Ms. Minolie was allowed to testify, over the objection of defendant that she was not properly qualified, as to the power and diameter of the contact lens introduced by the State into evidence. Ms. Minolie was employed by a Tuscaloosa ophthalmologist as a contact lens fitter and the operator of a lensometer. She had previously taught at Tuscaloosa High School; she had a B.A. degree from San Francisco State University. She was vigorously questioned by defense counsel and manifested by her answers that her testimony as to the power and diameter of the lens tested by her pertained to the particular work in which she was engaged and for which she was employed by the ophthalmologist. She did not testify on direct examination as to any matter out of the field of her employment. She unquestionably had acquired knowledge beyond that of ordinary witnesses on the subject as to which she testified. The objections to her testimony were not well taken. Daniel v. State, 31 Ala. App. 376, 17 So.2d 542; Bufkins v. State, 20 Ala. App. 457, 103 So. 902, cert. denied, Ex parte Bufkins, 212 Ala. 638, 103 So. 906; Reynolds v. State, 29 Ala. App. 139, 193 So. 192.

Appellant complains of two instances of action by the trial court in overruling defendant's motion for a mistrial by insisting that the trial court was in error in inquiring of the jury whether they were prejudiced by what had occurred. Appellant insists that whether a mistrial should be declared is the responsibility of the judge and not the jury. He is correct, but we do not consider that the trial judge was leaving to the jury a decision as to what the court should do. The record is to the contrary. As we view it, the record indicates that the question of the jury by the trial judge was in the nature of extra precaution on his part to assure a trial free of prejudice. It is clear that the trial judge ruled in accordance with his own opinion that no prejudice to defendant had occurred in either instance and that the motion for a mistrial should be overruled.

This brings us to the only remaining contention of appellant, an occurrence during the argument of counsel for the State as follows:

"MR. ANDRES: . . . Freddie Blakely knew exactly what was going on. They had planned it during the time they were at the moving seeing — I believe Jimmy Mills said `Black Mamma White Mamma.' They probably decided while they were there at the movie and then drove down to the University and cruised around until they could . . .

"MR. McCAIN: Your Honor, we're going to object at this time and move for a mistrial on the grounds that Mr. Andres has stated the name of a movie that has not been put into evidence, possibly the prejudicial name of a movie.

"Absolutely no evidence has been put before this Court, and it's an obvious . .

"THE COURT: Did one of the officers say he told them they had been to a movie?

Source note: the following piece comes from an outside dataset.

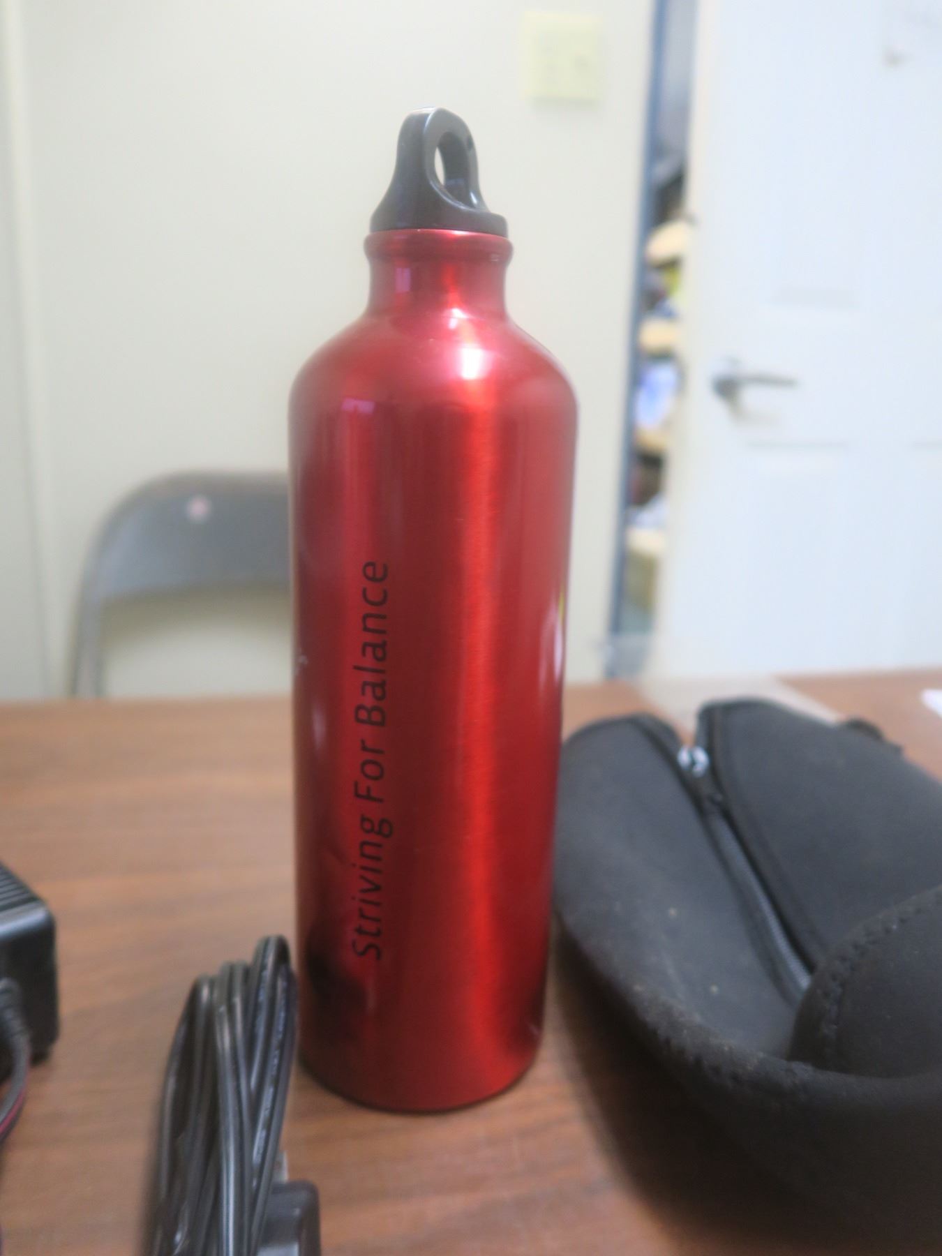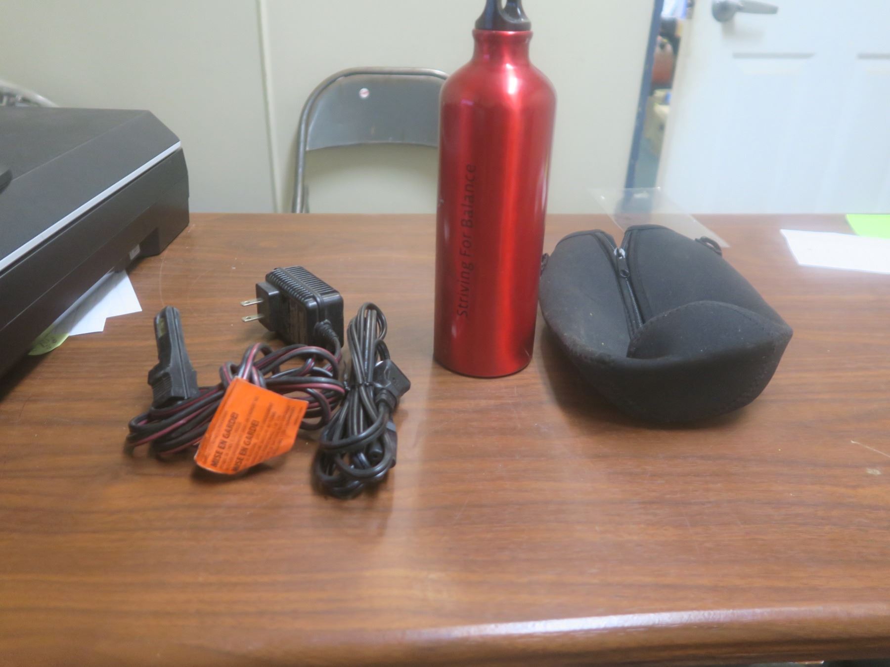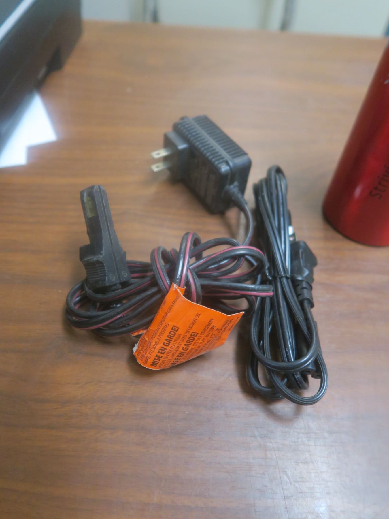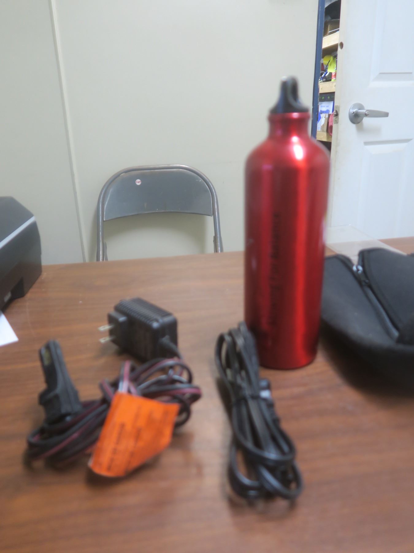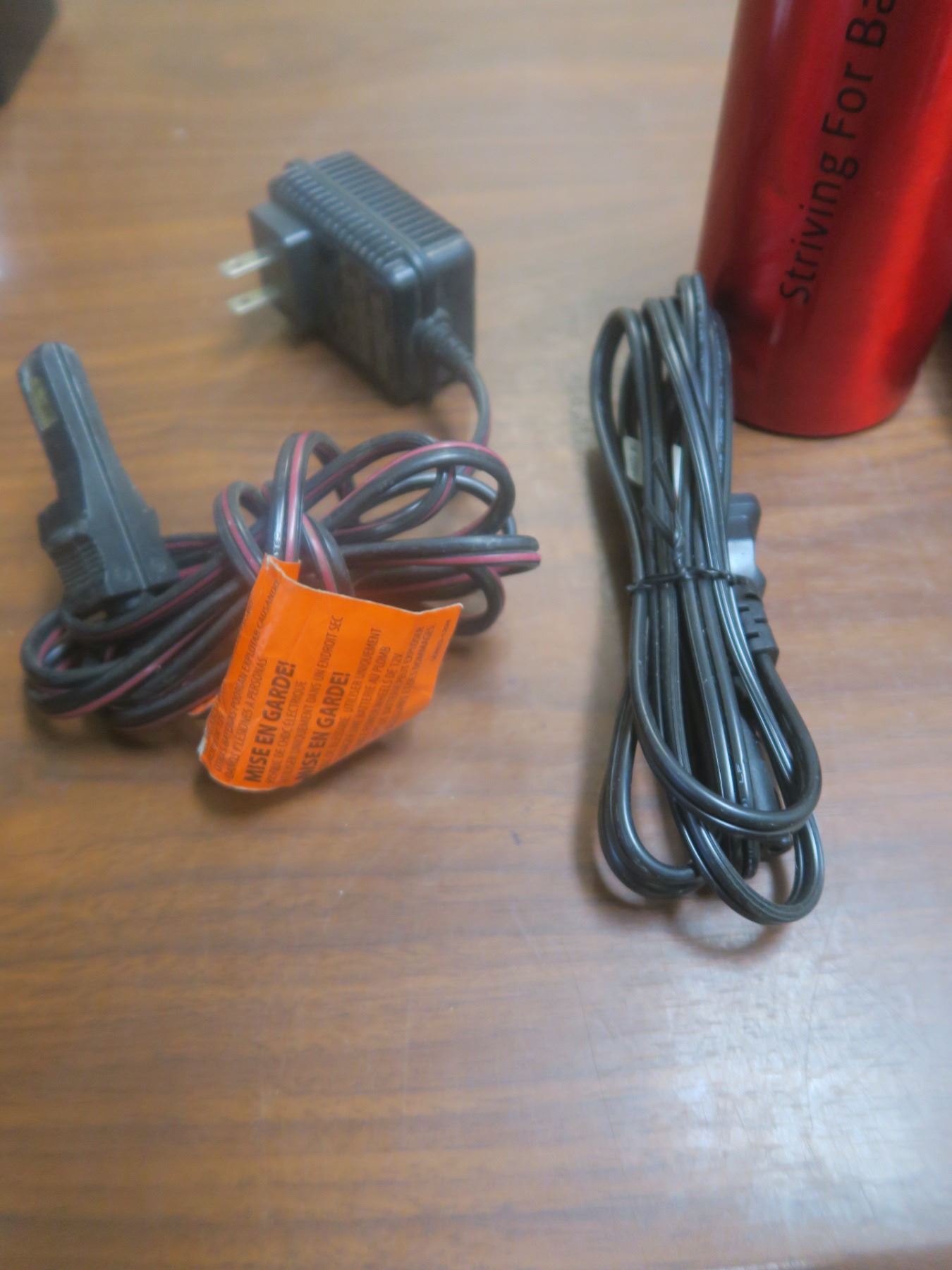 two misc cords and water bottle

MR. McCAIN: A movie, Your Honor. "THE COURT: A movie?

"MR. ANDRES: If I was incorrect in stating the evidence, Your Honor, I apologize to the Court.

"MR. McCAIN: We don't think an apology would clear this.

"THE COURT: Well, the motion is denied.

"The defense is due an exception to the Court's ruling."

In a preceding portion of the argument of counsel for the State, he had said:

". . . It's really been a pleasure for me to work with the people I've worked with in this case. I've worked with Jimmy Mills since the date of August 25th, the day after this happened, when we had this lineup."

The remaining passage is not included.